Warning: Missing argument 2 for js_unpack(),
Warning: Missing argument 3 for js_unpack(),
Warning: Missing argument 4 for js_unpack(),
Here is my php source that I am using.
//function to extract string between 2 delimiters
function extract_unit($string, $start, $end)
{
$pos = stripos($string, $start);
$str = substr($string, $pos);
$str_two = substr($str, strlen($start));
$second_pos = stripos($str_two, $end);
$str_three = substr($str_two, 0, $second_pos);
$unit = trim($str_three);
return $unit;
}
//html source
$html = file_get_contents('http://adcrun.ch/ZJzV');
//extract everything beteen these two delimiters
$unit = extract_unit($html, 'return p}(\'', '.split');
//full encoded strning
$string = $unit;
//the part here ne values ill be inserted
$expression = "',10,65,";
//inserted value
$insertvalue = "explode('|',";
//newly formatted encoded string
$full_code = str_replace($expression,$expression.$insertvalue,$string).')';
//function to decode the previous string
function js_unpack($p,$a,$c,$k)
{
while ($c--)
if($k[$c]) $p = preg_replace('/\b'.base_convert($c, 10, $a).'\b/', $k[$c], $p);
return $p;
}
//return decoded
echo js_unpack($full_code);
I didn't go through all your code, but there is a fundamental difference in your first 2 examples.
This line passes 4 arguments to the js_unpack function:
echo js_unpack( '$(......);', 10, 65, explode( '|', '|............' ) );
This line passes 1 argument to it:
echo js_unpack( $full_code );
I don't know if this is the root of your other problems, but it's a poor comparison to say "it works the first way but not the second way". The Warning is telling you exactly what you need to know: you are missing arguments.
Edit:
Based on your comment, I think you do not understand what is truly going on. You say you "copied the string and placed it in the function". This is incorrect. What you really copied was 1 string, 2 ints, and 1 array.
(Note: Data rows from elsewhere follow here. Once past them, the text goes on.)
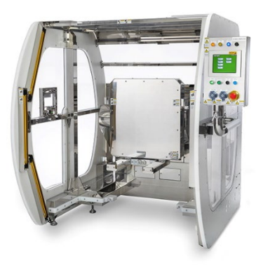
Corning Automated Manipulator Platform for automating the handling of multiple HYPERStack cell culture vessels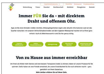
New subpage "Contact"

Visit us at: www.fuerstenriedwest.de/service-kontakt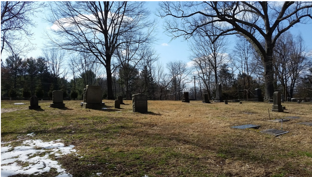
3. Center of cemetery, facing north-west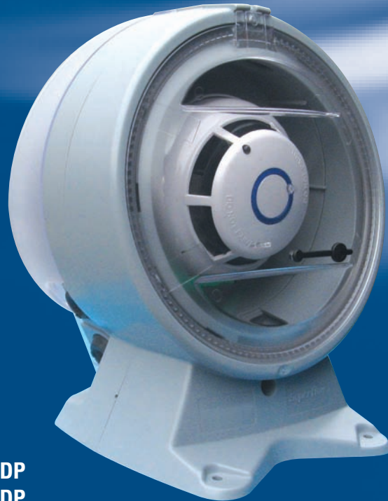
3000/UG4DP 6000/UG4DP 6000PLUS/UG4DP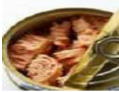
1 Tin of Salmon £0.76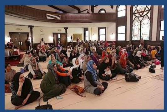
"The Other Muslim Fringe" in the U.S. and Europe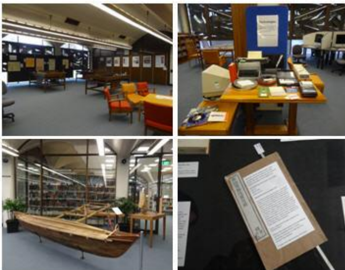
Photo 4. Exhibition for the ANU Library's 50th anniversary.

Other issues raised included cooperation between librarians in Australasia to share resources and building professional relationships with academics and researchers to support and provide adequate information for their academic achievement.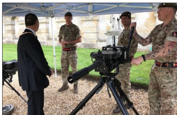
The Mayor of Bourne speaks to members of the RST.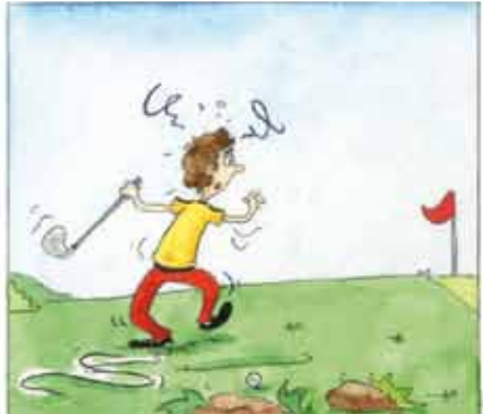
Answer: If you just control capital turnover (body rotation) without having a good margin (impact control), you're not effi-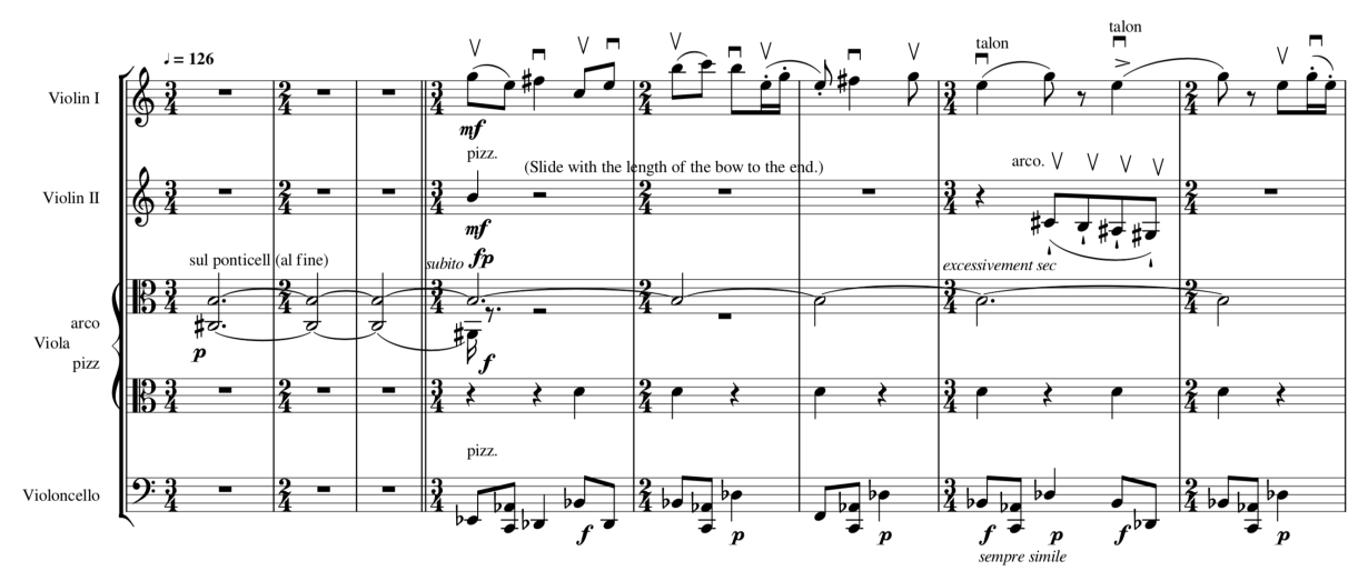
Figure 2: Excerpt (bars 1-8) of MorpheuS' piece based on the first of Stravinsky's Three Pieces for String Quartet

is referred to the survey paper by Herremans, Chuan, & Chew (2017). In this paper, the current challenges for music generation are identified as generating music with long term structure, and music that communicates certain emotions.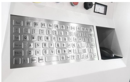
Stainless steel waterproof keyboard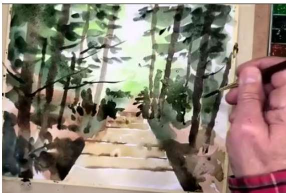
Adding More Trees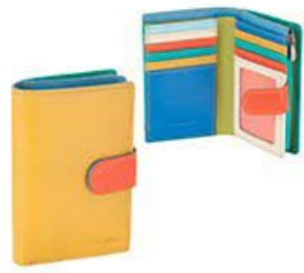
13 credit card slots 3 document pockets note compartment coin pocket ◆ 123 042 14x9 cm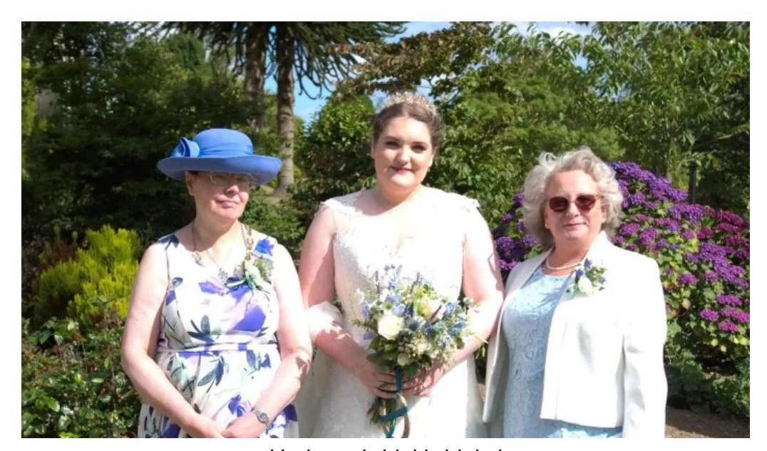
Heritage bridal bridal shop

You placed these 4 arguments in your function.
Maybe it helps if you format your functions this way:
echo js_unpack(
'$(......);', // <-- Argument #1 (a long string)
10, // <-- Argument #2 (int)
65, // <-- Argument #3 (int)
explode( '|', '|............' ) // <-- Argument #4 (array)
);
Compare that with:
echo js_unpack(
$full_code // <-- Just 1 argument
);
These are simply not the same signatures. Some PHP functions have default argument values, but this is not the case with js_unpack and it gives you a very clear warning that you are not calling it properly.